4. Ignoring the positives and giving negatives too much weight;

5. Making assumptions, both about people and the future;

6. Minimizing or magnifying issues;

7. Reasoning by emotion, such as saying, “I don’t feel good about that person, so she must be awful”;

8. “Should” statements, such as: “By now I should be rich”;

9. Negative self-labeling or name-calling, such as, “I’m an idiot”;

10. Blaming or personalizing and overlooking shared responsibility for situations or events. “These distortions cluster into two patterns: One would be the thought pattern of ‘I’m no good.’ That includes all-or-nothing thinking, overgeneralization, and ‘should’ statements, where you’re beating up on yourself,” Dr. Burns says. “The second is the ‘you’re no good’ pattern, where you’re projecting the distortions onto someone else.” How to Be Positive: Be aware that switching from a negative to a positive outlook takes effort. Burns says that there are times when people don’t want to give up negative thoughts because that feels like giving in.
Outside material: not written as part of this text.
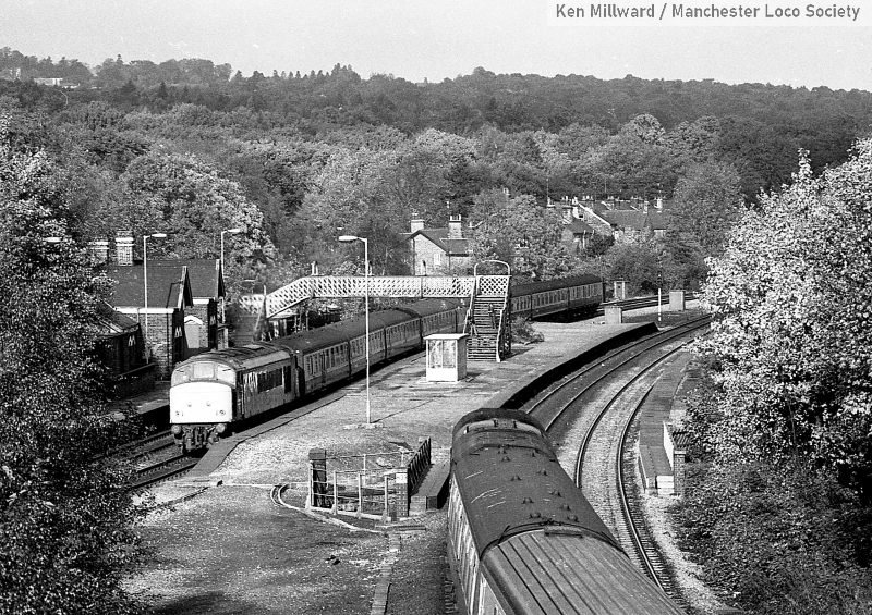 km019-14: 01.12.81 Romiley Junction. DMU leaving Romiley Station with a New Mills Central to Manchester Piccadilly local. [FP4/27]

Other people might find their negative thoughts rewarding in some way. “It’s easier for some people if they see these distortions and write down their thoughts,” he says. The hard part is taking the next step and choosing to become more positive or, at least, more realistic. “It’s not easy for people to change these patterns within themselves.” Research published in the March 2013 issue of the journal Psychology of Aging shows that older adults actually have a slightly greater chance of staying positive overall, in part because they have a longer life context in which to place negative events, while younger people see setbacks as more dramatic failures. Want a more positive outlook? Try these healthy-thinking strategies:

Create alternative thoughts. Write down a bothersome thought and assign it to one of the 10 distortions. For example, after a bad decision, you might think, “I’ve messed up my entire life.” Put this in the “magnification” category. Now write down a more positive thought, such as, “I haven’t made a mess of my whole life. I made one bad decision, but I can fix it. And I’ve made many other good decisions.” Practice gratitude. In addition to tackling specific thoughts, try focusing on what you’re grateful for each day. Write down two or three things that you’re thankful for in your life, no matter how big or small they may be. Hang out with kindred spirits. Certain people can lift you up and help you stay positive while others may tend to do the opposite. Reach out to and surround yourself with the uplifting ones or make an effort to find like-minded new friends. Limit your time with or avoid people who make life feel more negative and heavy to you. If you try these tips but negative thoughts continue to plague you, consider working with a therapist to help you identify and change the thought patterns that are holding you back.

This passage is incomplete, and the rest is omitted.